Ramp has launched Router, a platform for routing AI requests between multiple large language models through a single application programming interface. The company says it developed and used the router internally to meet its AI-related needs over the past three years before making it available to users and companies.
The move comes as technology companies increasingly build intermediary layers to manage access to AI models and the costs of using them. Router works similarly to OpenRouter, but it starts with fewer models and available options than that service.
Multiple Models and Strategies Through a Single Interface
Router provides access to models from OpenAI, Anthropic, DeepSeek, Moonshot, Minimax, Nvidia, xAI, and Z.ai. Instead of connecting applications to a single model, users can choose how to route requests according to a set of strategies provided by the service.
These options include preferring flexible usage tiers from model providers, or allowing Router to determine the most suitable model for each request based on up to three performance criteria specified by the user. Requests can also be directed to more expensive models only when they are difficult, or different models can be tested without changing the software integration each time.

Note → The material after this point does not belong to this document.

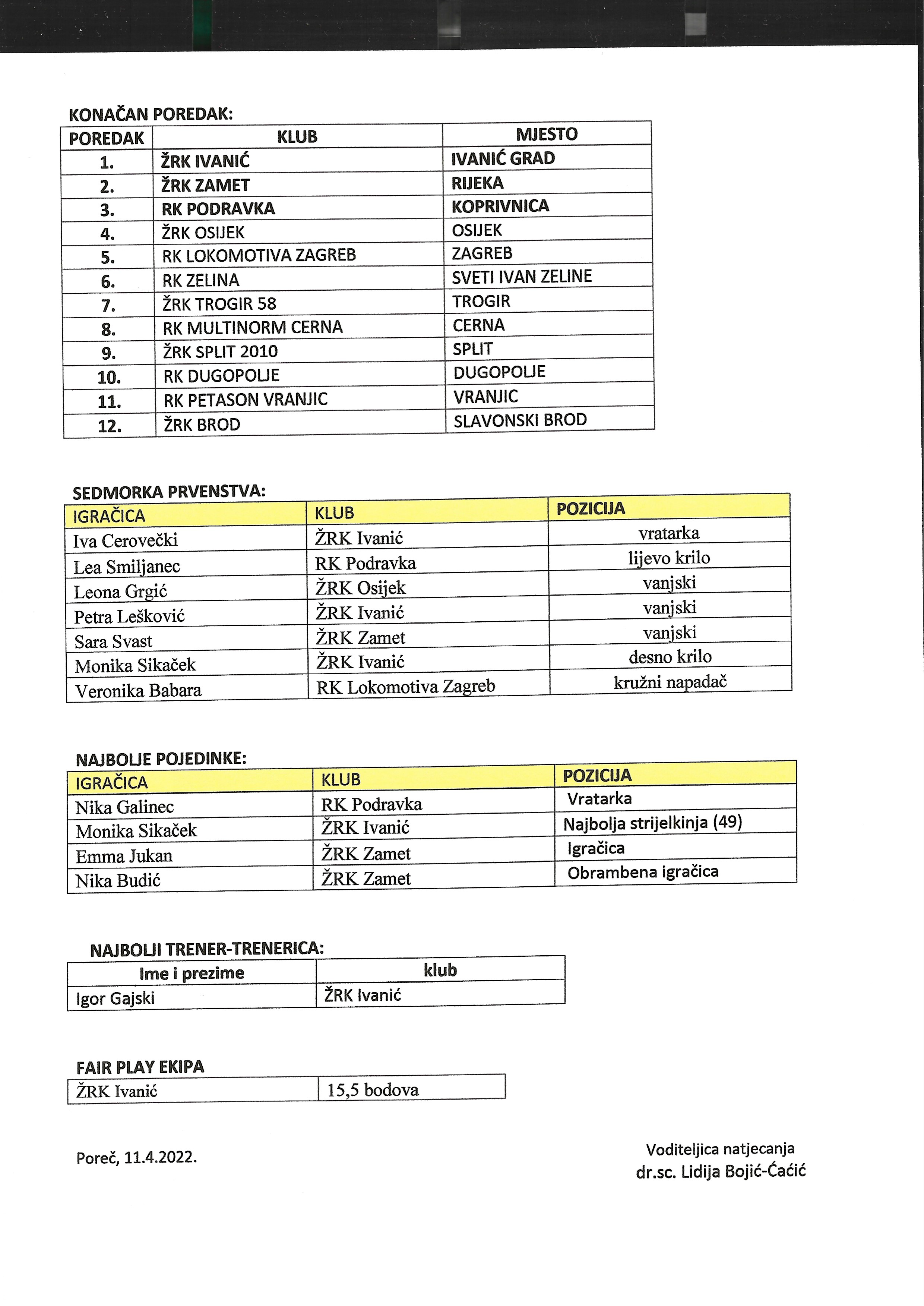Voditeljica natjecanja Lidija Bojić-Ćaćić “u ime HRS-a zahvalila se gradu Poreču te gradonačelniku g. Peršuriću na odličnoj suradnji i uvjetima koje rukometašice i rukometaši imaju u Poreču. Naglasila je da su protekle dvije godine natjecanja u ligama HRS-a bile iznimno izazovne za sve sudionike zbog COVID-19 epidemije te velikog broja odgođenih liga i utakmica. Uz pomoć roditelja i uz veliki angažman klubova i trenera igračice su nastavile trenirati te izborile i ovu Završnicu. Hrvatski ženski rukomet ima kontinuitet rada, veliku podršku u HRS-u te je i dalje najmasovniji ženski sport u Hrvatskoj”.

The service includes a dashboard displaying data such as token spending volume, cost, response time, attempts to switch to alternative models, and other details related to request usage.
What Changes for Companies in Practice?
Router combines model access management with monitoring of token consumption and costs. This may allow companies to balance answer quality against inference costs, rather than dealing with each model provider or application separately. The service also aligns with Ramp’s existing products for monitoring AI token usage and managing related spending.
For teams testing multiple models, a unified interface could be a way to reduce operational complexity. However, the actual benefit will depend on the number of supported models, the accuracy of the routing mechanisms, and the level of control the platform provides in production environments.
Availability, Data, and Cost
The service is currently available only in the United States. It will be free through the end of 2026, while users will continue to bear the inference costs associated with AI models. Ramp also announced a $26 launch credit, but it has not yet specified the service’s price after 2026.
Router follows a data-retention policy that allows retention to be disabled, although the default setting provides for recording model inputs, outputs, and tool calls for one year. The company says it will remove personally identifiable information before using this content to improve the product. The details of how the retention opt-out is implemented remain an important consideration for organizations handling sensitive data.
Ramp’s Bet on the Inference Market
The launch of Router is not limited to adding a new tool to Ramp’s portfolio; it gives the company an entry point into the growing inference-services market and may also help it build long-term relationships with AI labs and infrastructure providers.
If Router becomes an attractive platform for testing models, as OpenRouter has, Ramp could use these relationships to reach new customers and later connect them with its expense-management products. The company raised $750 million in June at a valuation of $44 billion, according to the source article.